Thanks for your tips!
I’ve added them to the post.
Anyone know of a method for concatenating and compressing js on a local machine ie. not through a server. I’d rather compress it while writing it as I do with sass via sass or compass watch. I don’t see the point of having a server do the work when you could simply deploy the compressed file to the server. I know how to do it manually with cat an yui in a terminal bash but it requires having to specify the files in the bash file for each project.
Have attempted to use Sprokets and other Ruby based packagers but cant find any terminal commands (ie. they assume your project is a Ruby).

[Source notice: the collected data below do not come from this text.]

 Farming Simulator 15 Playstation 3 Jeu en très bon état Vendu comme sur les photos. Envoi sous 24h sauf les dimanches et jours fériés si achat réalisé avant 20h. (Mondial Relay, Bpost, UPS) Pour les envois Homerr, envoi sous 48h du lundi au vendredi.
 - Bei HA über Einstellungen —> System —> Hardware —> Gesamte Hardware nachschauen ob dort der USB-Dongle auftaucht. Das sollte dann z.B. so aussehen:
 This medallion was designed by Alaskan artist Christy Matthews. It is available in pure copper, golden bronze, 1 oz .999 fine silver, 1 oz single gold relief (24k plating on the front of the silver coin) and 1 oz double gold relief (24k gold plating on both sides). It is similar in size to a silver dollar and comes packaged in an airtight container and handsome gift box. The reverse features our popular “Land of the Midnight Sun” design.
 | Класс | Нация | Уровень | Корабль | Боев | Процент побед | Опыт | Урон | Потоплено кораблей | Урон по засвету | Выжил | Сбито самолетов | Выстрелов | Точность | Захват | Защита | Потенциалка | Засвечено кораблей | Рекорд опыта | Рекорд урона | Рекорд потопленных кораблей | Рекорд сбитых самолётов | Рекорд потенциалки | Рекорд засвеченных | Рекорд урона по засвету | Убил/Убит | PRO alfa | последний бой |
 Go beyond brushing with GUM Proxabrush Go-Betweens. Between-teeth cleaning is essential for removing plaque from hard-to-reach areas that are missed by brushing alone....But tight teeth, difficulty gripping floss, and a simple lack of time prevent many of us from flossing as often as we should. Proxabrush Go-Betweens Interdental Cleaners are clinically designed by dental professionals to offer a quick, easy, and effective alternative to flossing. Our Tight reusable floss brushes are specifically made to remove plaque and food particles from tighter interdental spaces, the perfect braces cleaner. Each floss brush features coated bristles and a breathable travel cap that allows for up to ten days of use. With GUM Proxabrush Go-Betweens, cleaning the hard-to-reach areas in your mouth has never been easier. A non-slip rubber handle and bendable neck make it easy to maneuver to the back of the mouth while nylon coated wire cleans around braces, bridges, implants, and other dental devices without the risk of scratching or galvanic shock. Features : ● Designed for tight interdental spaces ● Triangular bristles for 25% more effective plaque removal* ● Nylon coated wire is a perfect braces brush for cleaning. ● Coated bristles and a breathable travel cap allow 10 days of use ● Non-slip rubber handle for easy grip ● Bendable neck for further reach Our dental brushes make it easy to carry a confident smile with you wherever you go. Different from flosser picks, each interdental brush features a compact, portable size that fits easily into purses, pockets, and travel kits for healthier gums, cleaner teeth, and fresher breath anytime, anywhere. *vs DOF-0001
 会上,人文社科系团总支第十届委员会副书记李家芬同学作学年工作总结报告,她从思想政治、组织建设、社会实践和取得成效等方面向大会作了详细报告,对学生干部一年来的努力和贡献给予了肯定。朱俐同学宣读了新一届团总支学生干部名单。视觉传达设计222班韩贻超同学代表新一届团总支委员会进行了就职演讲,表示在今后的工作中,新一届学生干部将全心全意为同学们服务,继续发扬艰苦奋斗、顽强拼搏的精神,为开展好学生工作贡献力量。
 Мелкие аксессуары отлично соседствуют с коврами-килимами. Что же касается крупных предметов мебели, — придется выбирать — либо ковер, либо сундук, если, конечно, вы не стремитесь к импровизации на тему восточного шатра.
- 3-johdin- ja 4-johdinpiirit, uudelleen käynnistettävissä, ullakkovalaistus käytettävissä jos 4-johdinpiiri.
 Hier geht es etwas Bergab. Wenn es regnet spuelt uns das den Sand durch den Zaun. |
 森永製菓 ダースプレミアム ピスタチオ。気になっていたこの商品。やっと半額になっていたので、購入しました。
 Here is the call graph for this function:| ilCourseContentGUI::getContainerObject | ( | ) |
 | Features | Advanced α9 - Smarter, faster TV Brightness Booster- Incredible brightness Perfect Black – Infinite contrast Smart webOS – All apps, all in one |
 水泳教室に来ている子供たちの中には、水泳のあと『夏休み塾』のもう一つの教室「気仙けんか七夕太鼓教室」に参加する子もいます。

What I’d love is a packager that is on par with sass where you can watch a directory locally and it will compile to compressed assets as you edit save the original files – sass works like a dream for css dev
Oh yeah and I know sass is Ruby but it doesnt have to be a ruby server/project ie. you can just run in terminal and you site can be and serverside tech or static html
sorry wish I could edit, that should have read: can be ANY serverside tech
Sorry, I don’t know of any tool like that off the top of my head.
Right, that’s why I listed just preprocessing and concatenation of files. However, like you say, there are lots of ways to use it.
Great article! Fancy doing an update :)?
It depends on what you mean. 🙂
Not the full research, no, but I think/hope the list should be fairly accurate.
In case you are curious about what the performance benefits are for doing this today, I just wrote up a blog post that goes into some detail about it
Thanks for letting me know!
[…] images to reduce file size without compromising image quality and resolution. There are many online services to help wih the minification process, but I’m partial SquishIt. Another common issue on […]
iam using minify it works fine if we need multiple js files at the same time but , if i need js files at differnt level between the html code and now if i use minify then i got error it says this and that variable is not defined ?
That is something you have to ask the people behind Minify about.
Compression is great, but it’s also recommended to concatenate your files into one to cut down on the number of HTTP requests.